Saturday May 30Posted by: Michael Owen  3 Comments »

Awaydays: A Review

Many of you reading may be familiar with Liverpool-born writer Kevin Sampson, however some of you may not. Kevin is a critically acclaimed writer with a number of great books under his belt. One of his most famous pieces is late 70’s based football movie Awaydays.

Although the book is written about a group of Tranmere Rovers football hooligans it’s based on the fashion and music obsessed Liverpool following of the late 1970’s. The movie adaptation of this great book was released on Friday and I was at the first showing to see what I thought of one of my favourite books being played out on the silver screen.

The story revolves around Carty, a former art student who really doesn’t fit too well into his working-class Wirral surroundings. Carty has one ambition in life, not fame, not fortune, to join ‘The Pack’ a group of football hooligans. To help him with this he becomes mates with Elvis, a member of The Pack who he meets in a Liverpool club. Slowly but surely he works his way into The Pack and the Awaydays come every other Saturday.

The movie isn’t your average football hooligan film, so don’t expect another Green Street or Football Factory, no, it’s much better than that. The movie follows the evolving friendship between Carty and Elvis and the struggle of the two working-class lads with women, football and drugs. It’s got some dark moments which some people may not be accustomed to in the run-of-the-mill football films but these issues really pack a punch in the film.
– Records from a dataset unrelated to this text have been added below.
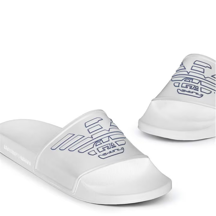 Emporio Armani Bold Eagle Logo Slides Sandal, White+Black, 36
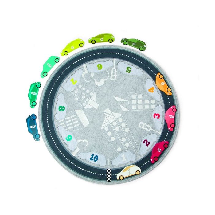2 in 1: ein riesiges Puzzle und ein wunderschöner dekorativer Teppich. Die aufgedruckten Zahlen entsprechen der Hauptfarbe jedes Auto.
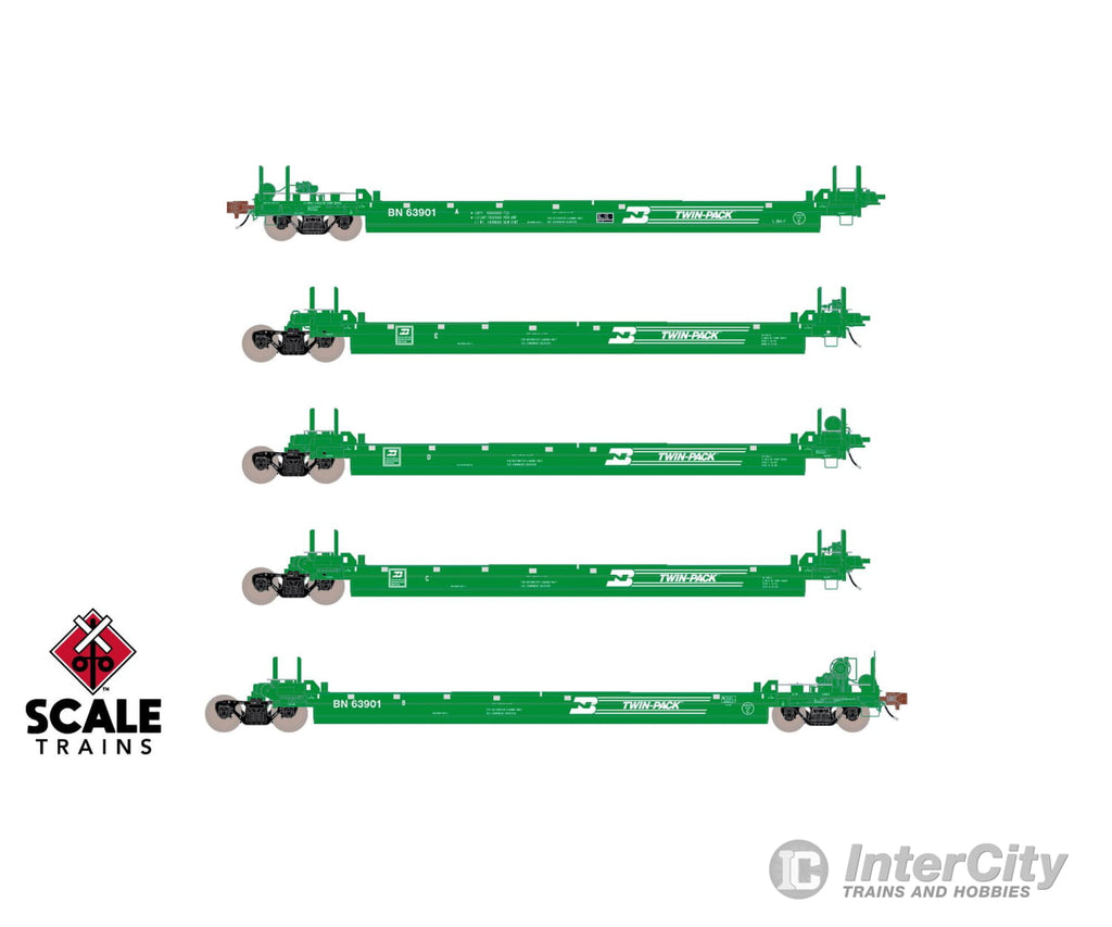 ScaleTrains SXT40086 Rivet Counter HO Scale Pullman-Standard Trinity Backpacker Well Car Set (5), Burlington Northern/Twin-Pack 63901

On top of the great storyline is a host of great music, the likes of Ultravox, The Rascals and Joy Division can be heard throughout the movie and are really well used. To go with the great music that dominated the 70’s is the fashion that dominated the same era, Adidas trainers are common among The Pack as you’d expect to see at a Liverpool European away during the 70’s and 80’s.

There are some faults, some of the acting could have been better, but for a movie on a budget of around £500,000 what can you expect? Some high-budget films will give that to an actor for as little as a days work.

On the whole this is a great film and really creates an image of what life was like for a 1970’s football fan in Liverpool. The sights, the sounds and the clothes are all perfect. A must see for any Liverpool fan.